Chelsea realized her mistake.
She had just executed a maneuver that belonged on a movie set, not in a high school auditorium. The "clumsy, invisible Chelsea" mask was shattered.
She quickly slumped her shoulders. She put a hand to her chest and forced her breathing to become erratic. She widened her eyes, feigning panic.
"Oh my god," she gasped, helping Rory up. "I just... I saw it falling and I just ran. I was so scared!"
Rory adjusted his glasses. He looked at the smashed light, then at Chelsea. There was a calculation in his eyes that belonged to a future genius.
"You moved really fast," he whispered. "The distance... it was impossible."

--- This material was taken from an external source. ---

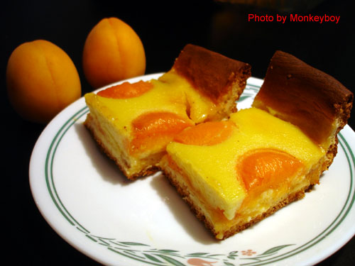 麵糰做好後,以桿麵棍整型,平鋪在 9"x13" 的烤盤。先抹上一層杏桃果醬,倒入奶油餡之後,放上九個切半去核的杏桃,放入烤箱以 375F 烤 25-30 分鐘即可。

"Adrenaline," Chelsea said loudly, for the benefit of the approaching teacher. "My mom says I have a fight-or-flight reflex like a rabbit."
She gave him a shaky smile. "I'm just glad you're okay, Rory."
He nodded slowly, blushing a furious red. "Thanks, Chelsea. You... you saved my life."
"Don't mention it," she said. "Literally. Please don't make a big deal out of it."
She turned to leave before the interrogation began.
As she walked up the aisle, she felt a prickle on the back of her neck. The sensation of being watched.
She glanced up toward the balcony level, where the shadows were deepest.
A figure stood there. Tall. Broad shoulders.
He was just a silhouette, but she saw the glint of eyes watching her. Studying her.
Chelsea shivered, but not from cold. She hurried out of the auditorium, clutching her bag.